# Work request
Every line below from the one containing "その数は本当にたくさんで廊下も木箱で一杯です。" through the one containing "Signature coated canvas" is to be printed exactly, with the pictures omitted.

# Source material
>>
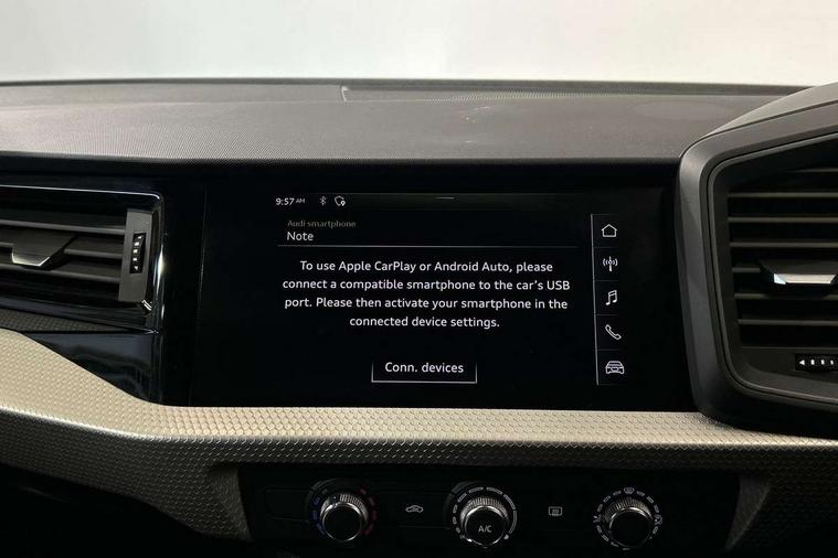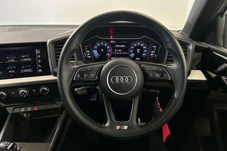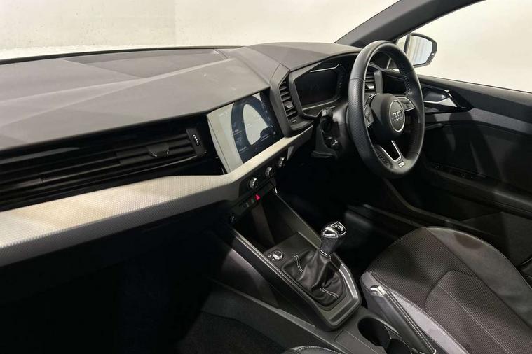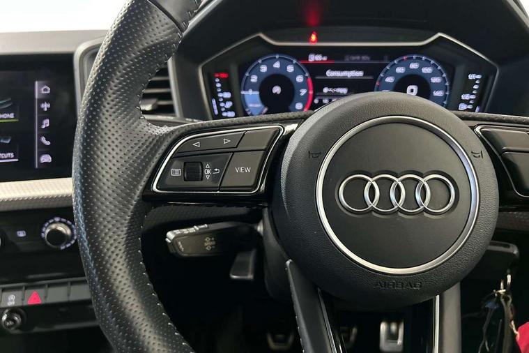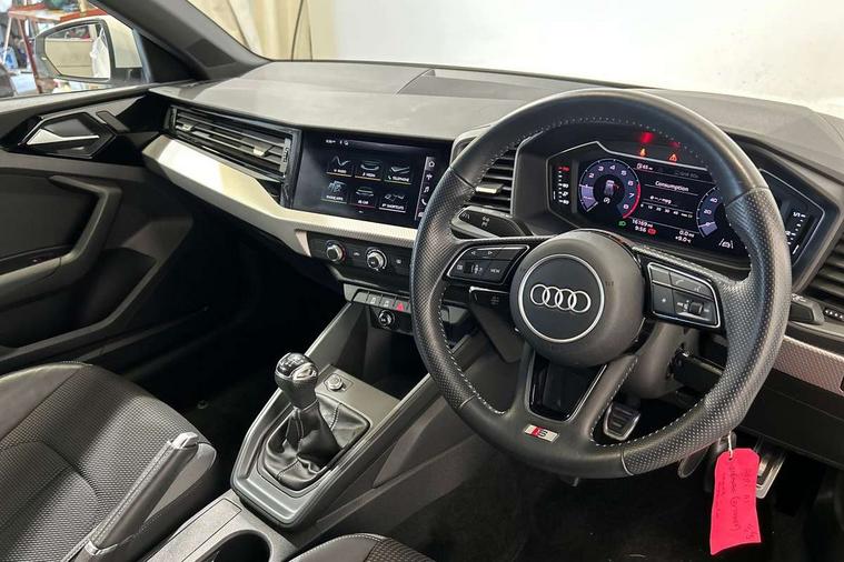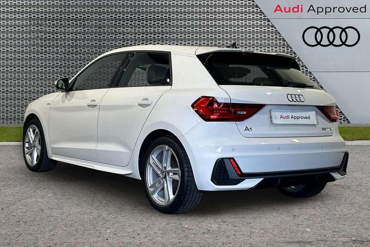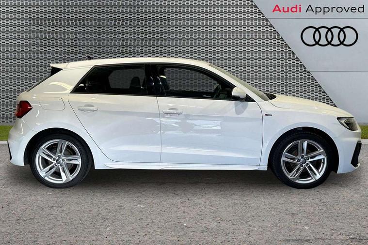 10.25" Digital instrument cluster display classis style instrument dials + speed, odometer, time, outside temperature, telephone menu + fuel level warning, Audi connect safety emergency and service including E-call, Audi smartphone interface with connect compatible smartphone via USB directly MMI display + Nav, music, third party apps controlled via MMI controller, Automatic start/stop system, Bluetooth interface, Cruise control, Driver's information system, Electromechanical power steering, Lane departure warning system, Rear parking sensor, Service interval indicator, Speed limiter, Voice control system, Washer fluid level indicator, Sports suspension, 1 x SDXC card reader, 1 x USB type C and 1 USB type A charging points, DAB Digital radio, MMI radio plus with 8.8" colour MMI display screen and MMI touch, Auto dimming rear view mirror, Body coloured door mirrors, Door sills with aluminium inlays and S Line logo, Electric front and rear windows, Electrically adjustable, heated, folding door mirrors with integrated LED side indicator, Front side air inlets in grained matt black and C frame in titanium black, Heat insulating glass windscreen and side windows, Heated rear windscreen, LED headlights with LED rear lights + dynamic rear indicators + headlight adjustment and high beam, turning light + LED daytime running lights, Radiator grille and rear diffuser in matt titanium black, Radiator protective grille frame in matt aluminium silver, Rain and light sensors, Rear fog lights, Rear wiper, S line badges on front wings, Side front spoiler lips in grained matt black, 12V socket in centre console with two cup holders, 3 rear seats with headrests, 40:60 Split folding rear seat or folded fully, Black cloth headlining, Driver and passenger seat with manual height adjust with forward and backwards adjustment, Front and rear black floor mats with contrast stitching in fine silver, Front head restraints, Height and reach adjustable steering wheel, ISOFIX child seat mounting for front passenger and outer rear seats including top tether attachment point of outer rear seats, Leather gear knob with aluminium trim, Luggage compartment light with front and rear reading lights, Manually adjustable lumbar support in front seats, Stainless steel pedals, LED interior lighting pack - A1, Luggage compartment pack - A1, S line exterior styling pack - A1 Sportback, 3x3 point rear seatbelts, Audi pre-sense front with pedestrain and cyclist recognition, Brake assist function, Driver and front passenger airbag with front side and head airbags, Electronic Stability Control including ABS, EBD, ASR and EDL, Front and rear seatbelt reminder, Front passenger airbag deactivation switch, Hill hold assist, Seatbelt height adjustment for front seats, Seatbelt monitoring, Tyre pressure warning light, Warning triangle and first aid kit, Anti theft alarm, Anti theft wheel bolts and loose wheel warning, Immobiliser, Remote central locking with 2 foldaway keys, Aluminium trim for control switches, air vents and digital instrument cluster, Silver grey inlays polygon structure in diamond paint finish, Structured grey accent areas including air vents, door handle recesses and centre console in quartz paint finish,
<<
>>
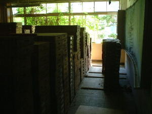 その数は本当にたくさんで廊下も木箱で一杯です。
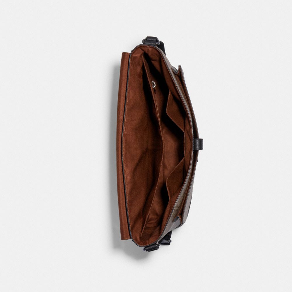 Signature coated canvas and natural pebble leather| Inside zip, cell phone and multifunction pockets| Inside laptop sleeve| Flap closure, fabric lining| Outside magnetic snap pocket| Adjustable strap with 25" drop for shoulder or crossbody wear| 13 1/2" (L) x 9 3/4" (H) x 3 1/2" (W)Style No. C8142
<<
>>
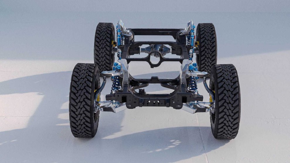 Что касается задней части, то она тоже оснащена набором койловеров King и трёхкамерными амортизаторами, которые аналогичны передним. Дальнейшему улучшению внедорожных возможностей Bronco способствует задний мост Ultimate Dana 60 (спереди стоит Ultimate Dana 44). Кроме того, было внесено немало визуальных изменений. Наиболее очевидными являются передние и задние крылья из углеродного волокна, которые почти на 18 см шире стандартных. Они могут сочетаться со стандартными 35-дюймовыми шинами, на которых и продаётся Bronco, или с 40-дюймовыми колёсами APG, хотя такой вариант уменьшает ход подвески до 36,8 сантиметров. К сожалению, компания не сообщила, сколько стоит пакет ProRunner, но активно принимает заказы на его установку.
<<
# Solution to the problem
 その数は本当にたくさんで廊下も木箱で一杯です。
 Signature coated canvas and natural pebble leather| Inside zip, cell phone and multifunction pockets| Inside laptop sleeve| Flap closure, fabric lining| Outside magnetic snap pocket| Adjustable strap with 25" drop for shoulder or crossbody wear| 13 1/2" (L) x 9 3/4" (H) x 3 1/2" (W)Style No. C8142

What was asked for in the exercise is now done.